计算机科学与探索 ›› 2020, Vol. 14 ›› Issue (5): 792-802.DOI: 10.3778/j.issn.1673-9418.1904001

• 人工智能 • 上一篇    下一篇

优化分配策略的密度峰值聚类算法

丁志成,葛洪伟   

  1. 1. 江南大学 江苏省模式识别与计算智能工程实验室,江苏 无锡 214122
    2. 江南大学 物联网工程学院,江苏 无锡 214122
  • 出版日期:2020-05-01 发布日期:2020-05-08

Density Peaks Clustering with Optimized Allocation Strategy

DING Zhicheng, GE Hongwei   

  1. 1. Jiangsu Provincial Engineering Laboratory of Pattern Recognition and Computational Intelligence, Jiangnan University, Wuxi, Jiangsu 214122, China
    2. School of Internet of Things Engineering, Jiangnan University, Wuxi, Jiangsu 214122, China
  • Online:2020-05-01 Published:2020-05-08

摘要:

针对密度峰值聚类算法在面对复杂结构数据集时容易出现分配错误的问题,提出一种优化分配策略的密度峰值聚类算法(ODPC)。新算法首先引入参数积[γ],扩大了聚类中心的选取范围;然后使用改进的数据点分配策略,对数据集的数据点进行基于相似度指标[MS]的重新分配,进一步优化了簇类中点集的分配;最后使用[dc]近邻法优化识别数据集的噪声点。在人工数据集及UCI真实数据集上的实验均可证明,新算法能够在优化噪声识别的同时,提高复杂流形数据集中数据点分配的正确率,并取得比DPC算法、DenPEHC算法、GDPC算法更好的聚类效果。
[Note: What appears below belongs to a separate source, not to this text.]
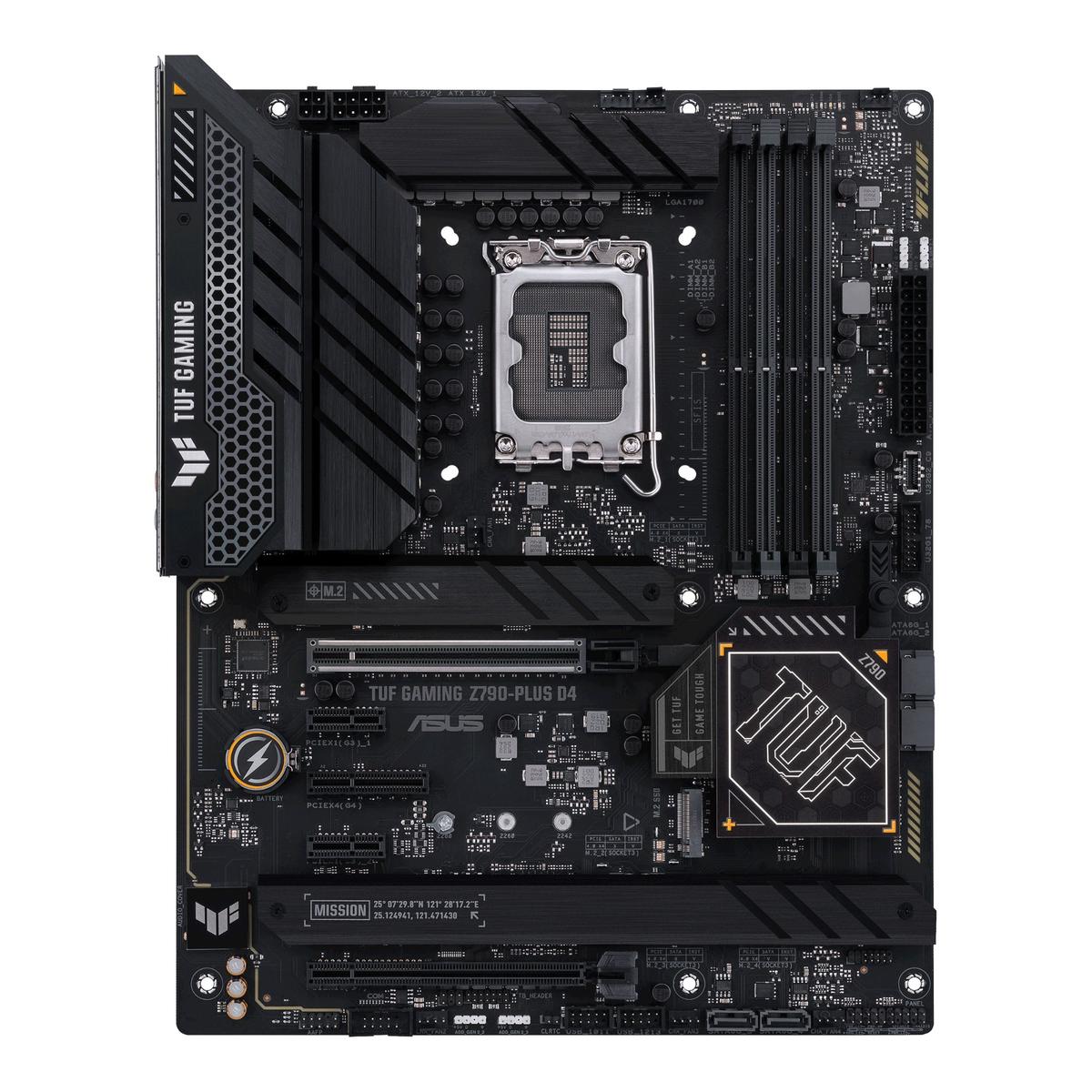 The ASUS TUF GAMING Z790-PLUS D4 is an ATX motherboard designed for Intel LGA1700 processors, featuring the Z790 chipset and DDR4 memory support up to 5333MHz. It offers robust connectivity with two PCIe x16 slots, four M.2 slots, and four SATA ports, suitable for mid-range to high-end gaming and productivity builds. This board provides a balanced feature set for users prioritizing DDR4 compatibility and a stable platform over the latest DDR5 technology, making it a cost-effective option for current-generation Intel CPUs.
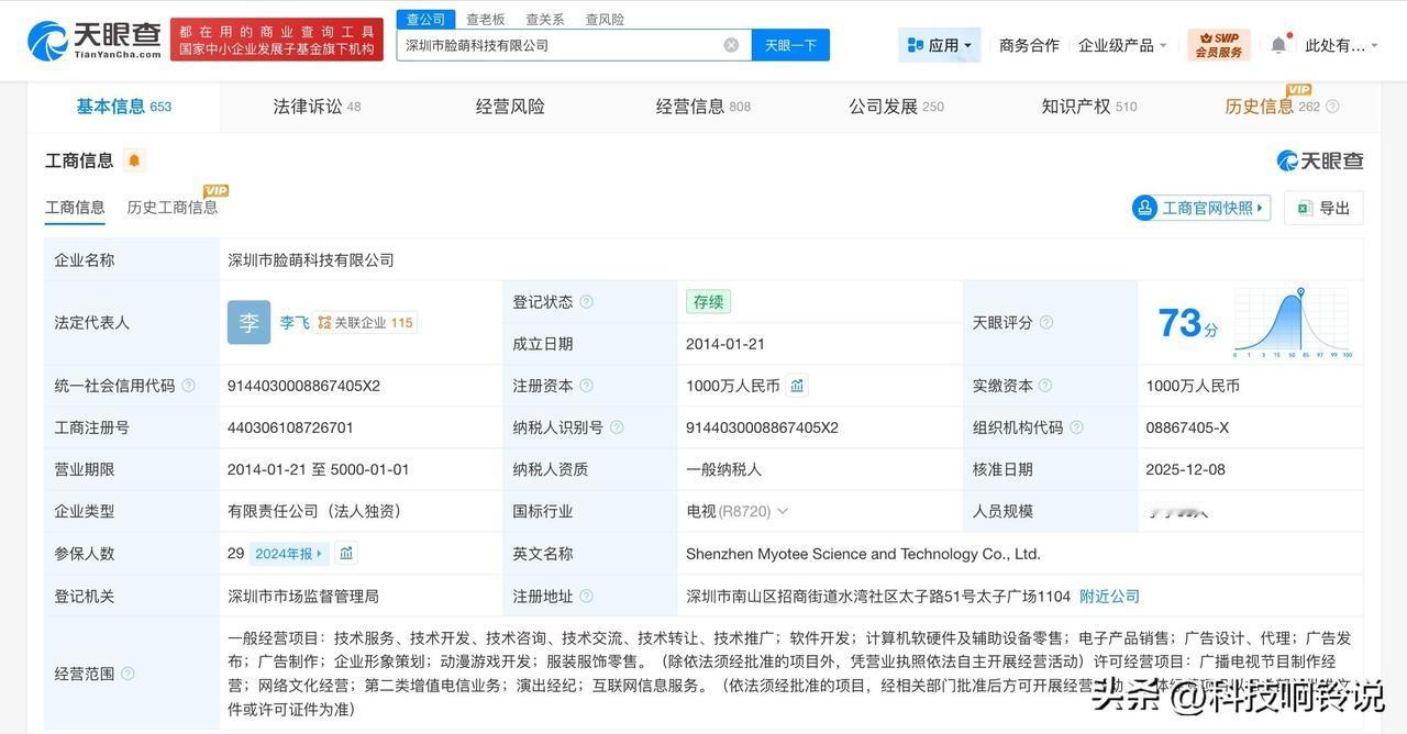【揭秘Seedance2.0背后AI关联公司 Seedance已被申请为商标】海外已夸爆Seedance2.0 据媒体报道,近日,字节跳动内测的AI视频模型Seedance2.0意外引爆全球关注,其“文本生成多镜头电影级视频”的能力被业界称为“导演级AI”。相关话题引发热议。公开信息显示,Seedance2.0是字节跳动旗下即梦AI开发的AI视频生成模型。 天眼查工商信息显示,即梦AI关联公司深圳市脸萌科技有限公司成立于2014年1月,法定代表人为李飞,注册资本1000万人民币,经营范围含软件开发、计算机软硬件及辅助设备零售、电子产品销售、动漫游戏开发、广播电视节目制作经营、网络文化经营等。股东信息显示,该公司由字节跳动旗下北京星云创迹科技有限公司全资持股。 知识产权信息显示,“Seedance”已被申请注册为商标,申请人包括广州某生物科技公司、上海某文化传播公司等,国际分类为日化用品、服装鞋帽、科学仪器、设计研究等,当前部分商标已注册成功。 天眼查信息:

关键词: 密度聚类, 快速搜索与发现密度峰值聚类(DPC), 分配策略

Abstract:

Focused on the issue that density peaks clustering algorithm will make mistakes when facing data sets allocation with complex structures, a kind of density peaks clustering with optimized allocation strategy (ODPC) is proposed in this paper. Firstly, the parameter product [γ] is introduced into the new algorithm to expand the selection of cluster centers. Then, it proposes an improved allocation strategy for data points, which redistributes points of data sets with similarity index [MS,] and further optimizes the allocation of points. Finally, [dc] nearest neighbor method is used to optimally identify the noise points of data sets. The experiments on artificial and UCI real data sets show that the new algorithm can improve the accuracy of complex manifold data sets allocation while opti-mizing noise recognition, and achieves better clustering results than DPC (clustering by fast search and find of den-sity peaks), DenPEHC (density peak based efficient hierarchical clustering) and GDPC (density peaks clustering algorithm with gird-division strategy) algorithms.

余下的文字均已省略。